彼女のあまりにも神々しい姿に、集まっていた民衆は息を飲み、無意識のうちに涙を流す者まで現れた。そして、ベネットが祭壇の横に用意されていた椅子へ腰掛けると、祭壇に立つ司祭は目線を彼女の方へ動かした。
「それではベネット様、この男についてですが」
司祭は、被害者の意見を聞こうと話し始め、ザウバーを横目で見た。
「不問で構わない。私は、一度傷付けられた程度で裁きを下そうとする程、小さな人間ではない」
問い掛けられたベネットは、質問者の目をしっかりと見つめ、自ら出した答えを返していく。

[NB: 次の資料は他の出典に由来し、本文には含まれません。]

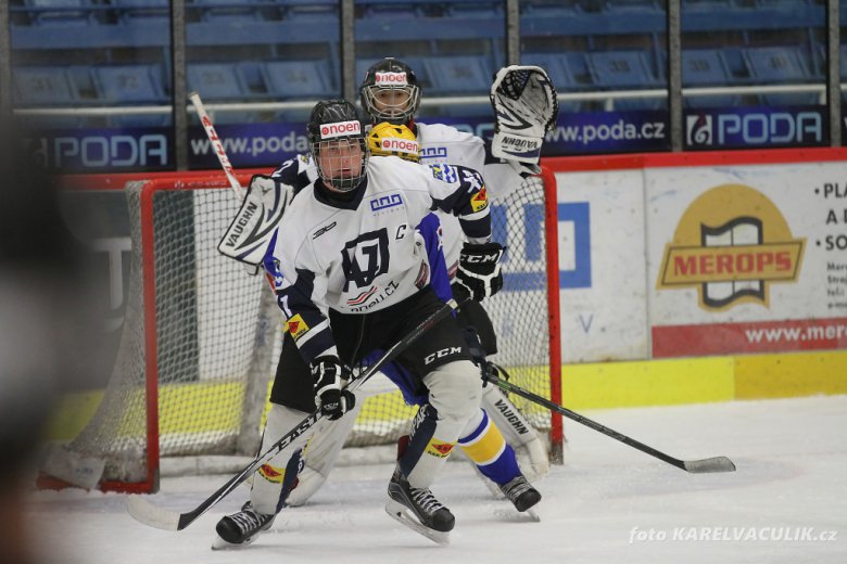 Druhá třetina se rozjížděla zpozvolna, až ve 25. minutě musel Dufek řešit gólovou šanci Valíčka, kterou svým rychlým přesunutím vyřešil bravurně. O tři minuty později se do šance dostal i domácí Peterka, který ujel po pravém křídle a střelou švihem orazítkoval pravou tyč Vaculovy branky.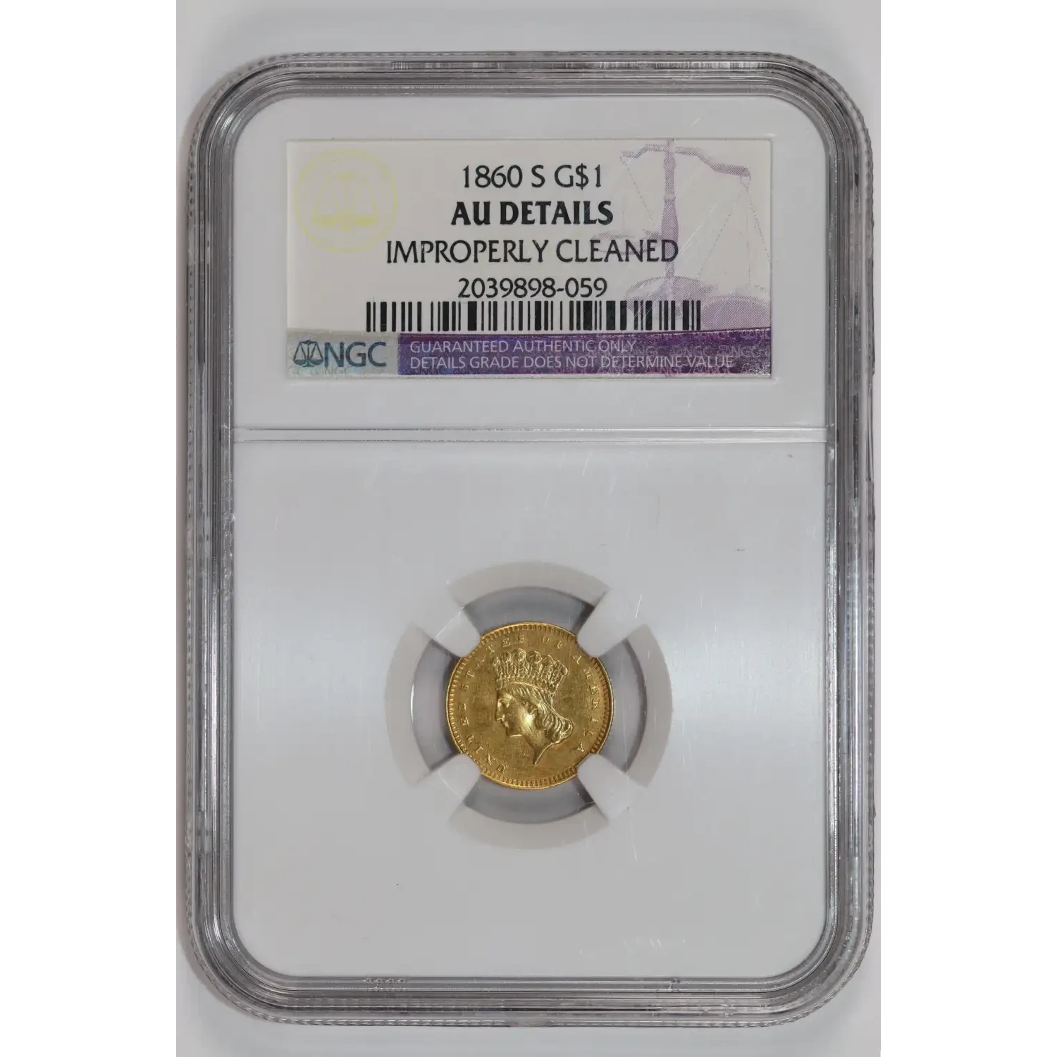 1860-S GOLD DOLLAR NGC AU DETAILS

「ですが、ベネット様。攻撃による傷は、命に関わるものだったと伺っております。それでも、この男を赦すと仰るのですか?」
「人間は、生まれながらに罪深い生き物だ。だが、神は愚かな人間に赦しを与えた。ならば、ただの人間でしかない私に、誰かを裁く権限など有るものか」
ベネットは、表情を変える事無く質問に答えていった。彼女は軽く目を細めると、長い息を吐きながら、気怠そうにザウバーの顔を見つめる。
「この者が使う魔法に、私が得意としないものも有る。旅の護衛をさせるには好都合だ」
「しかし、この男は護衛になるどころか貴女様を傷付け」
「同じ事を言わせるな。被害者である私が不問で構わないと言っているのだ。これ以上、無駄口を叩くなら、私は退廷する」
司祭が返す言葉を見つけられないでいるうちに、ベネットは彼の碧色の瞳を見据えた。一方、その目線に気付いた司祭は、軽く目を瞑って静かに頷く。
「かしこまりました。それでは、この件については不問と致しましょう。それでは、フォッジにおける魔法発動の件に移ります」
司祭は、広げられていた羊皮紙を纏めていく。すると、予めその動作を合図としていたかの様に、従者らしき男性が現れ、司祭に新たな書簡を手渡した。